WORK TO BE COMPLETED -
Your answer must be a word-for-word copy of the listing, with all pictures excluded.

*** EXERCISE DATA ***

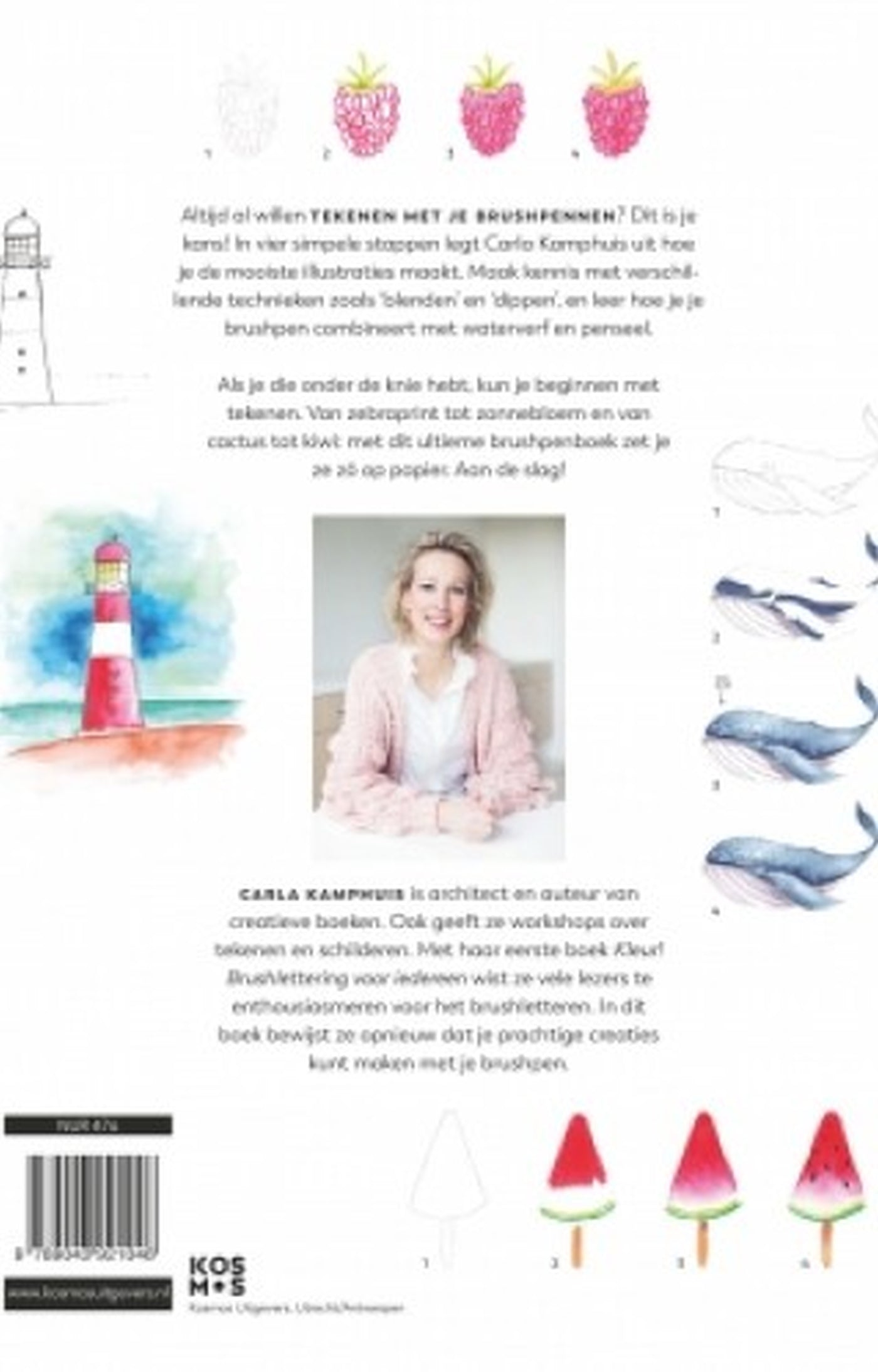 In Het ultieme brushpenboek neemt Carla Kamphuis je bij de hand en leert je in vier eenvoudige stappen de meest uiteenlopende tekeningen maken met de brushpen. Deze is niet alleen geweldig om mee te kalligraferen, je kunt er ook schitterende illustraties mee maken. Van dieren tot fruit, regenbogen en eenhoorns, emoticons en kawaii tot patronen, planten en bloemen – alles komt voorbij. Natuurlijk is er ook aandacht voor verschillende handschriften, bullet journal headers en nog veel meer.
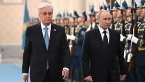 В резиденции Акорда прошла официальная встреча президента России Владимира Путина с президентом Казахстана Касым-Жомартом Токаевым в рамках государственного визита. На церемонии были представлены члены официальных делегаций обеих стран, после чего начальник роты почетного караула отдал приветственный рапорт. В честь встречи прозвучали гимны России и Казахстана.
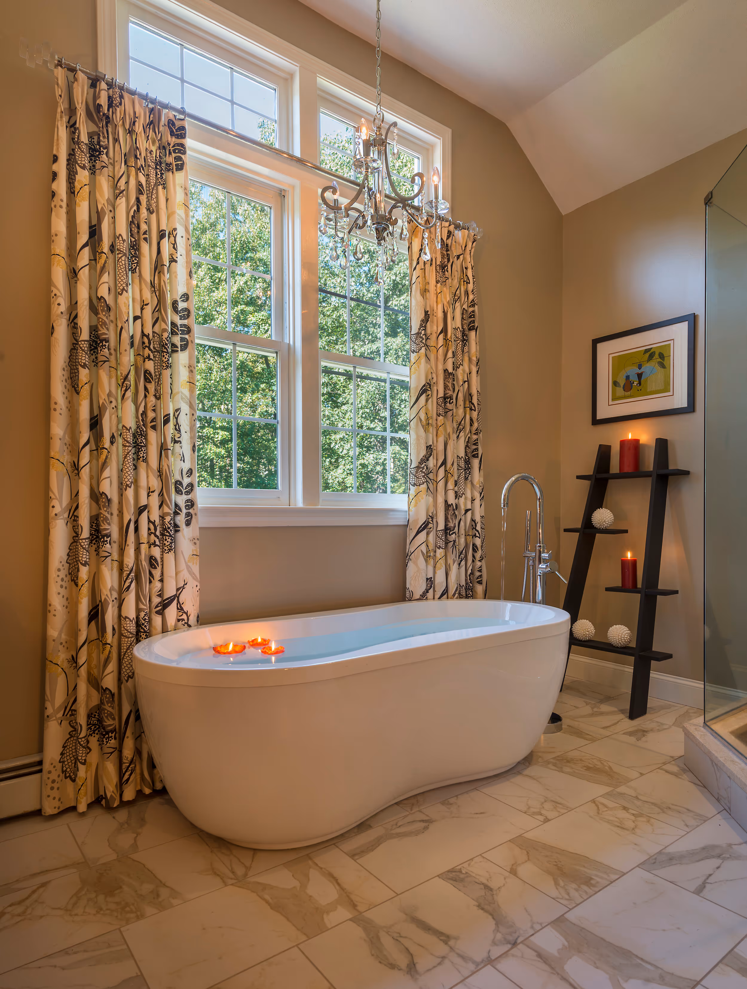 While I could write a whole blog on sexy bathrooms, here's a peek at one our favorite romantic retreats for two. We added a touch of tenderness to this master bath by creating both a curvaceous tub and shower for two. Look closely and you will see that the center ribbon in the tile follows the sinuous curves of the tub (and maybe even an occupant :))
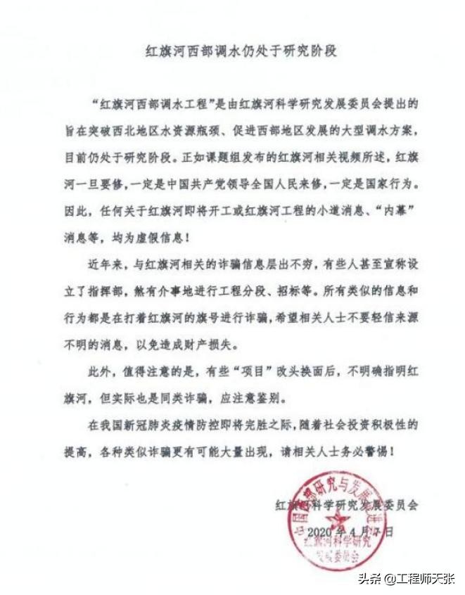 ——2020年4月7日,由中国西部研究与发展促进会红旗河科学研究发展委员会声明:红旗河西部调水工程仍处于研究阶段。任何关于红旗河即将开工或红旗河工程的小道消息、内幕消息,均为虚假信息。看到这,相信大家已经对红旗河工程的进展有了清晰的认识。

***

COMPLETED EXERCISE -
 In Het ultieme brushpenboek neemt Carla Kamphuis je bij de hand en leert je in vier eenvoudige stappen de meest uiteenlopende tekeningen maken met de brushpen. Deze is niet alleen geweldig om mee te kalligraferen, je kunt er ook schitterende illustraties mee maken. Van dieren tot fruit, regenbogen en eenhoorns, emoticons en kawaii tot patronen, planten en bloemen – alles komt voorbij. Natuurlijk is er ook aandacht voor verschillende handschriften, bullet journal headers en nog veel meer.
 В резиденции Акорда прошла официальная встреча президента России Владимира Путина с президентом Казахстана Касым-Жомартом Токаевым в рамках государственного визита. На церемонии были представлены члены официальных делегаций обеих стран, после чего начальник роты почетного караула отдал приветственный рапорт. В честь встречи прозвучали гимны России и Казахстана.
 While I could write a whole blog on sexy bathrooms, here's a peek at one our favorite romantic retreats for two. We added a touch of tenderness to this master bath by creating both a curvaceous tub and shower for two. Look closely and you will see that the center ribbon in the tile follows the sinuous curves of the tub (and maybe even an occupant :))
 ——2020年4月7日,由中国西部研究与发展促进会红旗河科学研究发展委员会声明:红旗河西部调水工程仍处于研究阶段。任何关于红旗河即将开工或红旗河工程的小道消息、内幕消息,均为虚假信息。看到这,相信大家已经对红旗河工程的进展有了清晰的认识。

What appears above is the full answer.